-- Provided information follows --
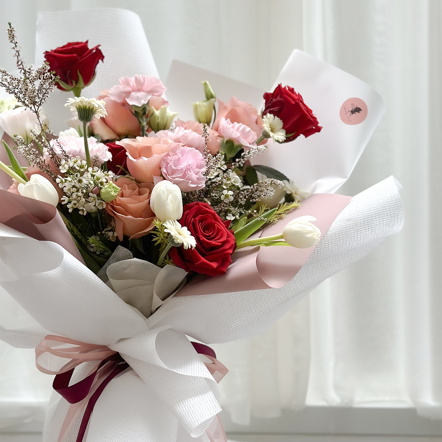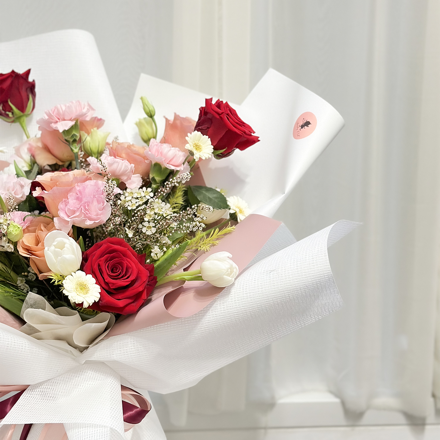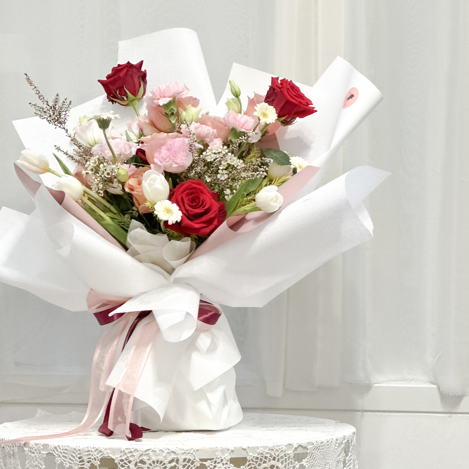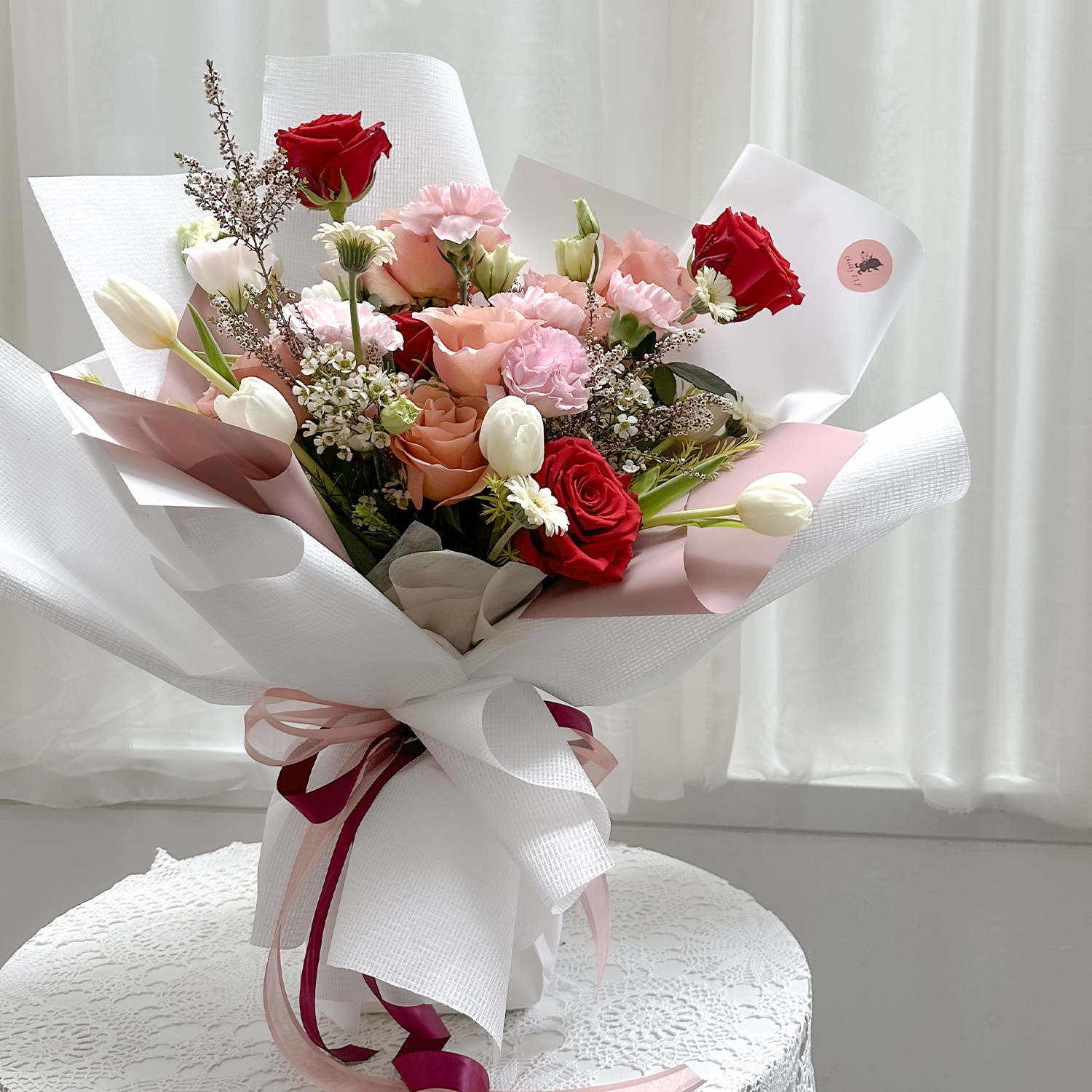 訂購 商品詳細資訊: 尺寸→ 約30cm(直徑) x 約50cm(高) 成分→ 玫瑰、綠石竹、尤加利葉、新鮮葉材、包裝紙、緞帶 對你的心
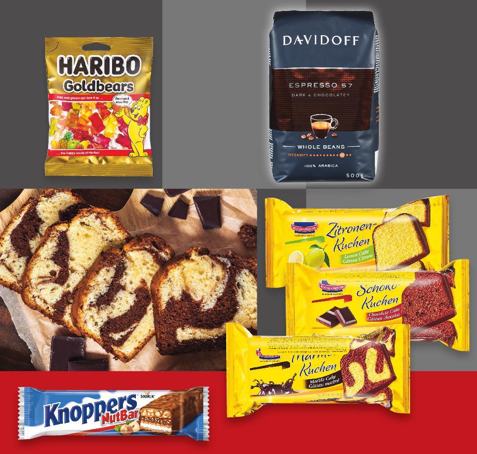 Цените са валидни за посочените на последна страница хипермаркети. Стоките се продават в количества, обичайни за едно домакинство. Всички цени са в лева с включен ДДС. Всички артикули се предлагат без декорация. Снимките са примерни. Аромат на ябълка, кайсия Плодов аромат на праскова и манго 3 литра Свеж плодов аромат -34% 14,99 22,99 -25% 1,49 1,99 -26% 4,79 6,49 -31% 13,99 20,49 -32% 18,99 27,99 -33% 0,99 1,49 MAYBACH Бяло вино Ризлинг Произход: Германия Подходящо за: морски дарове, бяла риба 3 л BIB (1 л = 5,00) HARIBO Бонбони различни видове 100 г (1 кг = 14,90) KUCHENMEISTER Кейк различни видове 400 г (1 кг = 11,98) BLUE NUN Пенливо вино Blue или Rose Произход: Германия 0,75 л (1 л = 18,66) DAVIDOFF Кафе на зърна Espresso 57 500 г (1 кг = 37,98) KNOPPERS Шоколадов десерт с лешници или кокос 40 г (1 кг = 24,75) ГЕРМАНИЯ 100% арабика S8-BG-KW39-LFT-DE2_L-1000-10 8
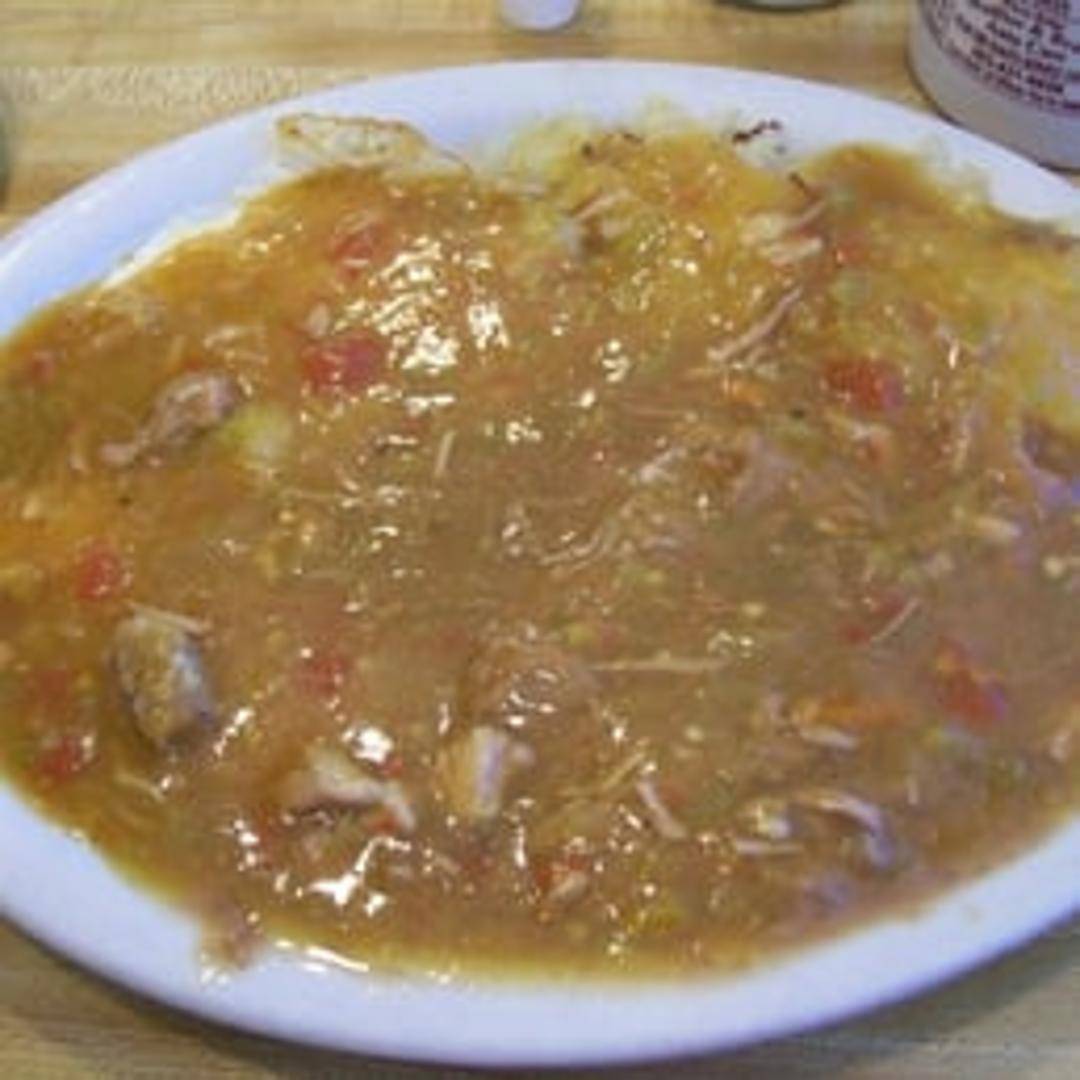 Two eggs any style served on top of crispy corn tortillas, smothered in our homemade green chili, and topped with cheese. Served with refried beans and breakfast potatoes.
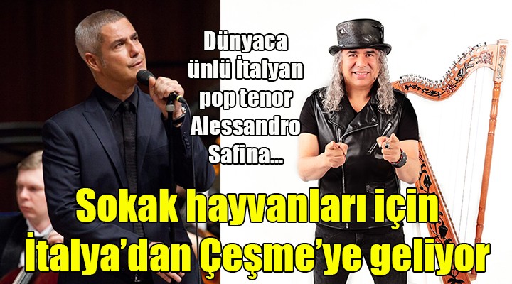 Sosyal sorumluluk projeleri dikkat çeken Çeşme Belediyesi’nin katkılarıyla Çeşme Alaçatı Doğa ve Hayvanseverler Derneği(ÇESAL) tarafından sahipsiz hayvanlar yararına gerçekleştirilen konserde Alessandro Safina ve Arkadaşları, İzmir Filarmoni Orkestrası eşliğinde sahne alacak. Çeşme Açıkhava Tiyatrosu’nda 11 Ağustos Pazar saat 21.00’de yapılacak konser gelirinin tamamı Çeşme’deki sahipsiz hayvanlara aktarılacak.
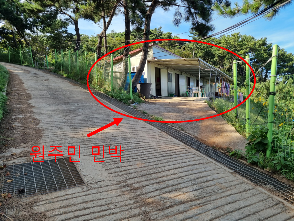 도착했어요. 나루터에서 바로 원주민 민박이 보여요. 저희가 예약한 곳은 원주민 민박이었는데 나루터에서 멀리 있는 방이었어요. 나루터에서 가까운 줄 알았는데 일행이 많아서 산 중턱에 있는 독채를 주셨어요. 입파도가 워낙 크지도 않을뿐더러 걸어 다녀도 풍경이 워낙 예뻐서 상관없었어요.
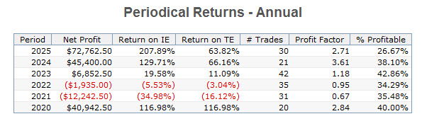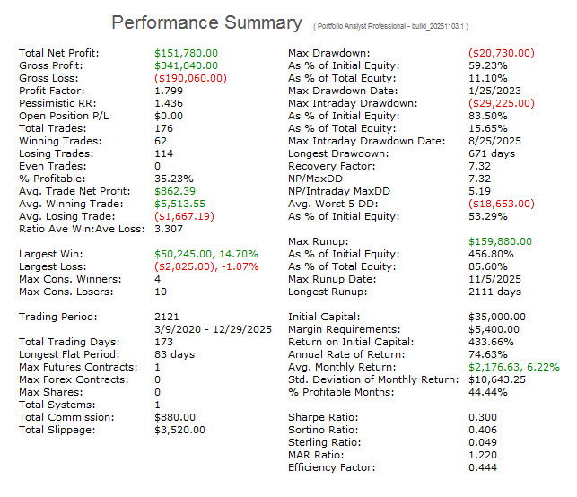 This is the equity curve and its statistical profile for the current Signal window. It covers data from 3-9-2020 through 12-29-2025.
-- Provided information concluded --
## What you need to do
Repeat the lines of the listing above verbatim, beginning at its first line and ending at the line containing "Two eggs any", which is included. Omit pictures.

## Task result
 訂購 商品詳細資訊: 尺寸→ 約30cm(直徑) x 約50cm(高) 成分→ 玫瑰、綠石竹、尤加利葉、新鮮葉材、包裝紙、緞帶 對你的心
 Цените са валидни за посочените на последна страница хипермаркети. Стоките се продават в количества, обичайни за едно домакинство. Всички цени са в лева с включен ДДС. Всички артикули се предлагат без декорация. Снимките са примерни. Аромат на ябълка, кайсия Плодов аромат на праскова и манго 3 литра Свеж плодов аромат -34% 14,99 22,99 -25% 1,49 1,99 -26% 4,79 6,49 -31% 13,99 20,49 -32% 18,99 27,99 -33% 0,99 1,49 MAYBACH Бяло вино Ризлинг Произход: Германия Подходящо за: морски дарове, бяла риба 3 л BIB (1 л = 5,00) HARIBO Бонбони различни видове 100 г (1 кг = 14,90) KUCHENMEISTER Кейк различни видове 400 г (1 кг = 11,98) BLUE NUN Пенливо вино Blue или Rose Произход: Германия 0,75 л (1 л = 18,66) DAVIDOFF Кафе на зърна Espresso 57 500 г (1 кг = 37,98) KNOPPERS Шоколадов десерт с лешници или кокос 40 г (1 кг = 24,75) ГЕРМАНИЯ 100% арабика S8-BG-KW39-LFT-DE2_L-1000-10 8
 Two eggs any style served on top of crispy corn tortillas, smothered in our homemade green chili, and topped with cheese. Served with refried beans and breakfast potatoes.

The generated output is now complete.